BioTel Research Blog

April 01, 2020

AI Techniques Gaining Traction in the Life Science Industry

Artificial Intelligence (AI) and Machine Learning in Clinical Trials

Our own Dr. Jonathan Riek participated in a recent panel discussion on this topic at OCT West in early March. There are several themes that surfaced during the panel discussion – let’s investigate two of them below.

Patient Selection and Recruitment

A majority of clinical trial failures are attributed to insufficient recruiting and selecting techniques, as well as an inability to effectively monitor patients. More than 8 in 10 trials fail to meet enrollment deadlines. Reasons for this include: eligible patients may not be at specific stage of a disease; suitable patients may find the process too complex and cumbersome to navigate.

AI tools can help enhance patient selection by choosing patients who are more likely to have a measurable clinical endpoint, and identifying a population more capable of responding to treatment.
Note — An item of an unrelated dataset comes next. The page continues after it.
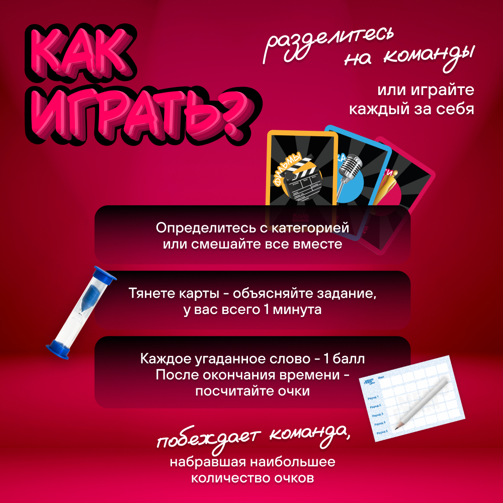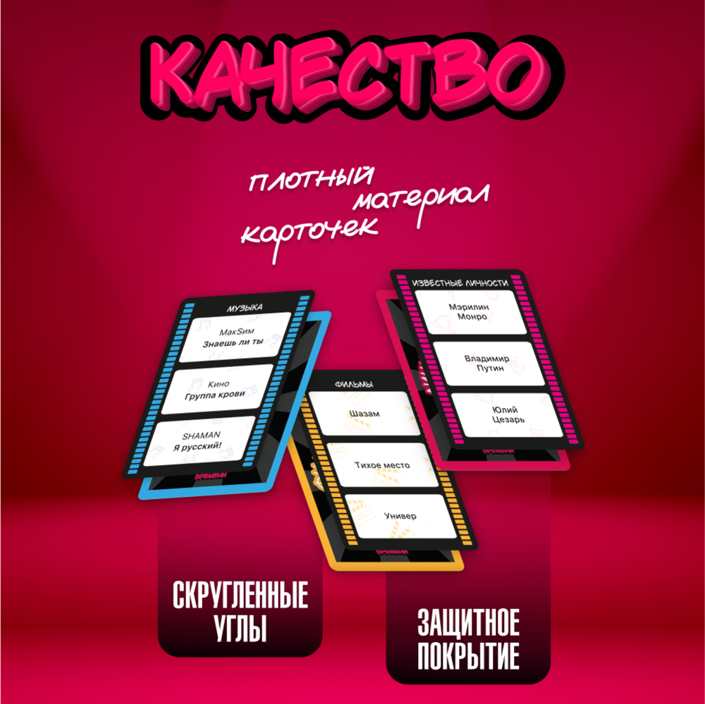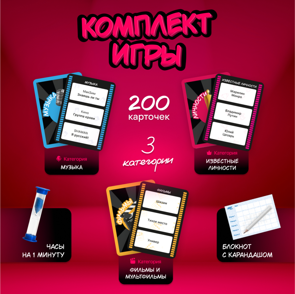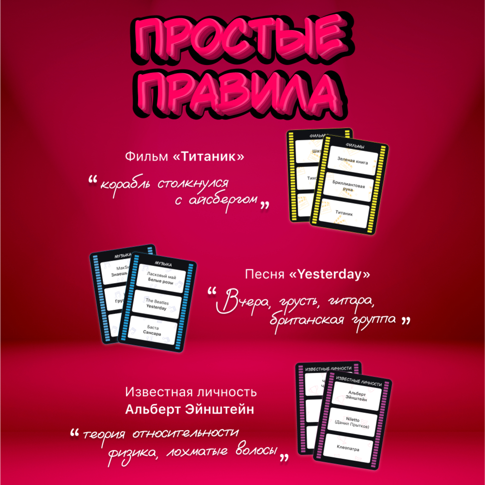 Суть игры – объяснить за 1 минуту наибольшее количество фильмов, музыкальных композиций или известных личностей, используя только ассоциации, жесты и мимику.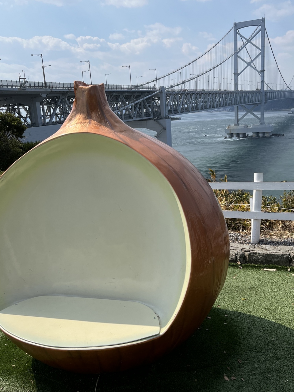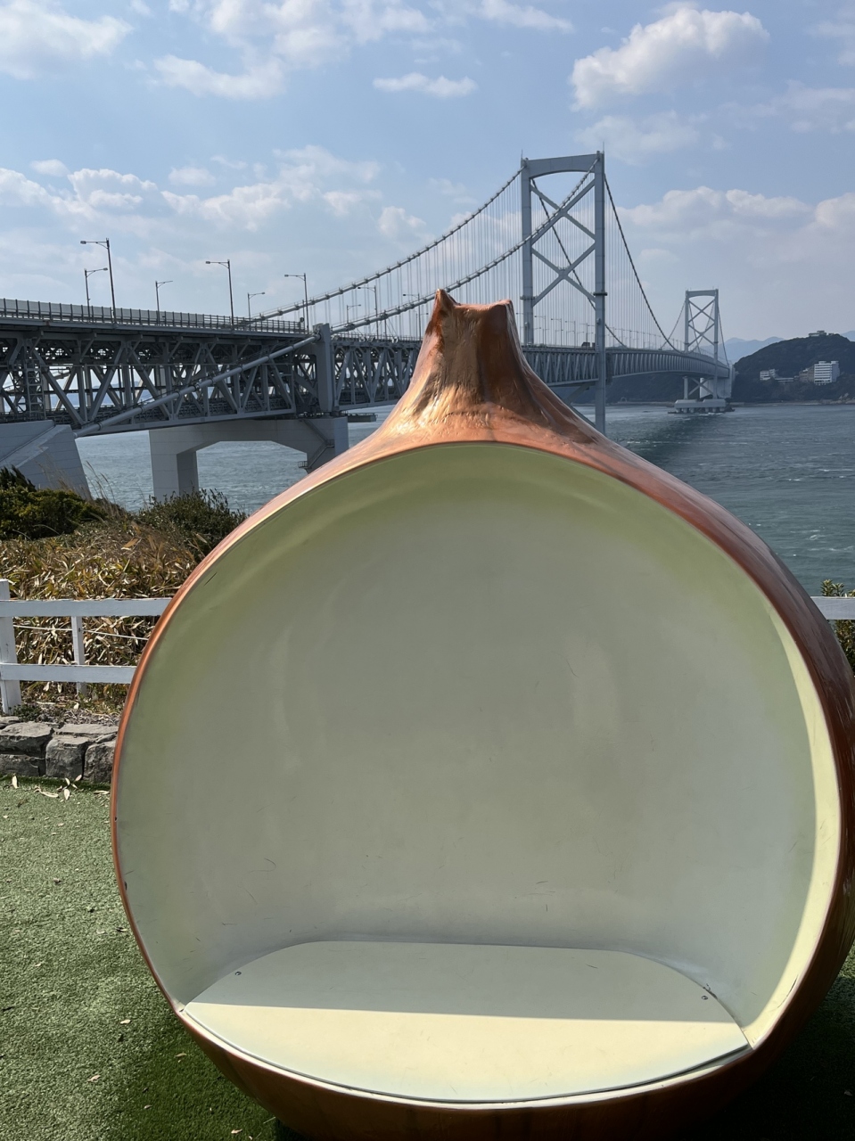 「大鳴門橋」を一望する絶景ポイントにある「おっ玉チェア」に座って

Such tools can automatically analyze EHR and clinical trial eligibility databases, find matches between specific patients and recruiting trials, and recommend these matches to doctors and patients.
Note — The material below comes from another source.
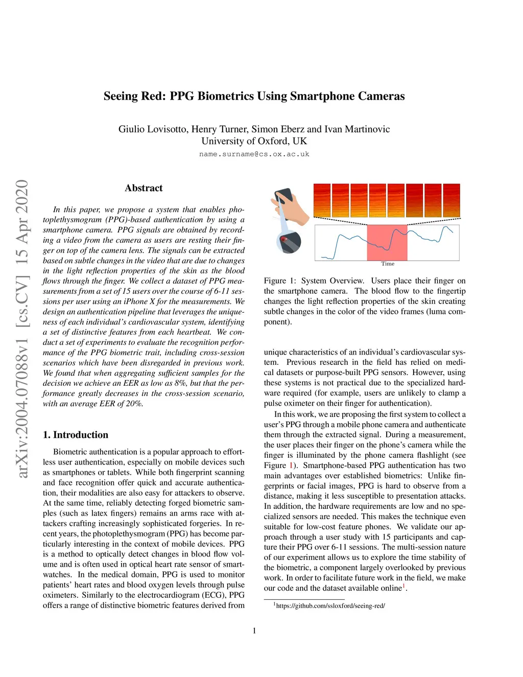 Seeing Red: PPG Biometrics Using Smartphone Cameras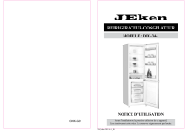 REFRIGERATEUR-CONGELATEUR MODELE : DD2-34-1 NOTICE D’UTILISATION CKJK-G01 Avant l’installation ou la première utilisation de cet appareil, Lire attentivement cette notice. La conserver soigneusement par la suite. 7954 Jeken DD2-34-1_IB INSTRUCTIONS D’UTILISATION Quand vous utilisez cet appareil, veuillez suivre les consignes de sécurité suivantes : CONSIGNES DE SECURITE AVANT L’UTILISATION PROTECTION DE L’ENVIRONNEMENT NOMENCLATURE PRECAUTIONS ET RECOMMANDATIONS GENERALES INSTALLATION UTILISATION DU COMPARTIMENT REFRIGERATEUR ZONE LA PLUS FROIDE DU REFRIGERATEUR INSTALLATION DE L’INDICATEUR DE TEMPERATURE VERIFICATION DE LA TEMPERATURE DANS LA ZONE LA PLUS FROIDE NETTOYAGE ET RESPECT DES REGLES D’HYGIENE ALIMENTAIRE CONSERVATION DES ALIMENTS DANS LE REFRIGERATEUR EN FONCTION DE LEUR NATURE DEGIVRAGE UTILISATION DU COMPARTIMENT CONGELATEUR ENTRETIEN ET MAINTENANCE MODIFICATION DU SENS D’OUVERTURE DE LA PORTE DEPANNAGE CONSEILS POUR REDUIRE VOTRE CONSOMMATION D’ENERGIE CARACTERISTIQUES REPARATIONS 1 4 4 5 5 7 8 9 10 11 12 Avertissement : afin d’éviter tout risque d’incendie, d’électrocution ou de blessure, veillez à toujours suivre les principales consignes de sécurité suivantes quand vous utilisez un appareil électrique. 13 14 15 16 17 18 19 20 21 6. 1. 2. 3. 4. 5. 7. 8. 9. 10. 11. 12. 13. CONSIGNES DE SECURITE Cet appareil est d’un usage très simple. Nous vous conseillons néanmoins de lire attentivement cette notice d’utilisation car elle contient des informations importantes concernant la sécurité et des instructions de nettoyage. Cet appareil est exclusivement destiné à un usage domestique. Tout autre usage (professionnel) est exclu. Le fabricant décline toute responsabilité en cas de blessure causée à des personnes ou de dégâts matériels dus à la non-observation des instructions d’entretien et à l’usage inadéquat de l’appareil. Après avoir retiré l’emballage des différentes pièces de l’appareil, vérifiez que celui-ci se trouve en parfait état. Si vous avez des doutes à ce sujet, n’utilisez pas l’appareil et adressez-vous au vendeur ou à un technicien qualifié. Veillez également à ce que les différents types d’emballage (cartons, sacs en plastique, polystyrène, bandes collantes, liens, etc.) soient hors de portée des enfants. Ces éléments comportent un risque potentiel. Avant d’utiliser l’appareil, vérifiez si le courant de votre secteur correspond à celui qui est indiqué sur la plaque signalétique. 14. 15. 16. 17. 18. 19. 20. 21. 22. 23. Avant l’utilisation de cet appareil, lisez attentivement la notice d’utilisation. Conservez cette notice avec soin. Ne laissez pas les enfants jouer avec cet appareil. Ne laissez pas l’appareil sans surveillance lorsqu’il est branché. Enlevez la prise quand vous n’utilisez pas l’appareil ou quand vous le nettoyez. Cet appareil n’est pas un jouet. Ayez une stricte surveillance quand vous utilisez l’appareil en présence d’enfants, d’animaux domestiques. Ne permettez pas à des enfants d’utiliser cet appareil. Vérifiez régulièrement l’état de votre appareil. N’utilisez pas l’appareil si ce dernier est endommagé. N’utilisez pas l’appareil si le cordon d’alimentation ou la prise est endommagé. N’utilisez pas l’appareil s’il est tombé, s’il est endommagé, s’il est resté dehors ou s’il est tombé dans l’eau. N’immergez jamais cet appareil dans l’eau ou tout autre liquide. Ne tirez ou portez pas l’appareil par le cordon d’alimentation, n’utilisez pas le cordon comme poignée, ne coincez pas le fil dans la porte et ne le tirez pas le long de bords ou angles acérés. Ne placez pas l’appareil sur le cordon d’alimentation. Ne laissez d’aucune façon le cordon s’enrouler ou s’emmêler. Tenez le cordon éloigné des surfaces chaudes. Ne retirez pas la prise en tirant sur le cordon. Pour enlever la prise, prenez celle-ci en main et retirez-la prudemment de la prise murale. Ne manipulez ni l’appareil, ni la prise avec les mains mouillées. Portez une attention particulière à cet appareil et suivez toutes les instructions données dans la notice d’utilisation. Utilisez uniquement une rallonge certifiée avec l’ampérage en vigueur dans votre pays. Des rallonges certifiées avec un ampérage inférieur risquent de surchauffer. Veillez à ce que personne ne trébuche sur le cordon ou la prise. Gardez cet appareil à l’intérieur et dans un endroit sec. Gardez l’appareil à l’écart des sources de chaleur comme les radiateurs, afin d’éviter la déformation des parties en plastique. Débranchez toujours le cordon d’alimentation avant de nettoyer l’appareil. Si le câble d’alimentation est endommagé, il doit être remplacé par le fabricant, son service après-vente ou des personnes de qualification similaire afin d’éviter tout danger. Toute réparation doit être effectuée par le service après-vente ou des personnes de qualification similaire. N’utilisez pas des accessoires qui ne sont pas recommandés par le fabricant. Ils pourraient endommager l’appareil. Cet appareil doit uniquement servir à un usage domestique. N’utilisez pas cet appareil à l’extérieur. N’utilisez pas l’appareil près de matériaux inflammables. N’utilisez pas d’autres accessoires que ceux étant fournis avec l’appareil. 1 2 7954 Jeken DD2-34-1_IB 24. Cet appareil n’est pas prévu pour être utilisé par des personnes (y compris les enfants) dont les capacités physiques, sensorielles ou mentales sont réduites, ou des personnes dénuées d’expérience ou de connaissance, sauf si elles ont pu bénéficier, par l’intermédiaire d’une personne responsable de leur sécurité, d’une surveillance ou d’instructions préalables concemant l’utilisation de l’appareil. Il convient de surveiller les enfants pour s’assurer qu’ils ne jouent pas avec l’appareil. 25. La lampe

Identifying Predictive Biomarkers

Drug developers utilize biomarker data during the development process. Machine learning allows researchers to explore all potential biomarkers and the wide variety of interactions among variables to select the most relevant ones for a trial. It also helps researchers understand the cause-and-effect relationships within trial data. By discovering which patients benefit from the drug in relation to the trial population as a whole, researchers can optimize criteria for later trials, speeding up the drug approval process.

AI simulations can also help answer why a given clinical trial fails. Specifically by addressing ‘what if’ questions. What if drug A instead of drug B had been given to patient X? One of AI’s most valuable contributions is not only identifying key patterns in data, but its ability to run simulations that ‘reason’ what could happen based on those patterns.

Our industry will continue to take AI and machine learning further in clinical trials. It is important to emphasize that this is made possible by the ongoing collaboration and data sharing of doctors, scientists, engineers, researchers, and so many others that make this process complete.  The future potential of this technology will continue to grow as we capture lessons learned to accomplish successful clinical trials together.